Des séries télé sans télé

"La Trêve" a connu un retentissement international grâce à sa diffusion sur Netflix. ©Helicotronc

Si le marché de la fiction en série se porte très bien merci, c’est notamment grâce à son lent détournement de la télévision au profit du web, où pétillent aujourd’hui conjointement créativité et belgitude.

Qu’ils sont loin les jeudis soirs en famille devant "Julie Lescaut", les fins de soirée devant "Ally McBeal", les doubles épisodes hebdomadaires inratables pour qui fuyait les spoilers d’"Urgences". D’un rendez-vous fixé dans le temps (un jour, une heure) et dans l’espace (devant le poste de télévision), les séries TV s’épanouissent aujourd’hui via les plateformes de streaming, en téléchargement légal et moins légal, ou encore sur les réseaux sociaux.

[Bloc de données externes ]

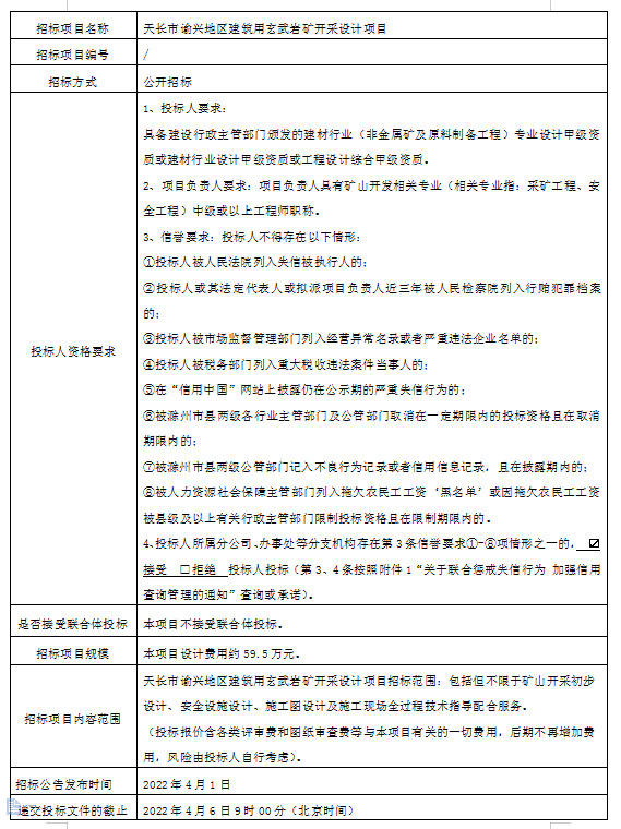 天長市諭興地區(qū)建筑用玄武巖礦開采設(shè)計(jì)項(xiàng)目招標(biāo)公告

Si cet élargissement sans précédent de l’espace de diffusion de la fiction sérielle sert joyeusement les géants de l’industrie culturelle (Netflix et ses 158 millions d’abonnés ne nous contrediront pas), le déplacement vers le web autorise également la multiplication des supports (Instagram, Snapchat, Youtube) et des formats (le podcast, la réalité virtuelle, le webdoc en plusieurs épisodes) que s’approprie sans se faire prier une nouvelle génération de créatrices et de créateurs belges.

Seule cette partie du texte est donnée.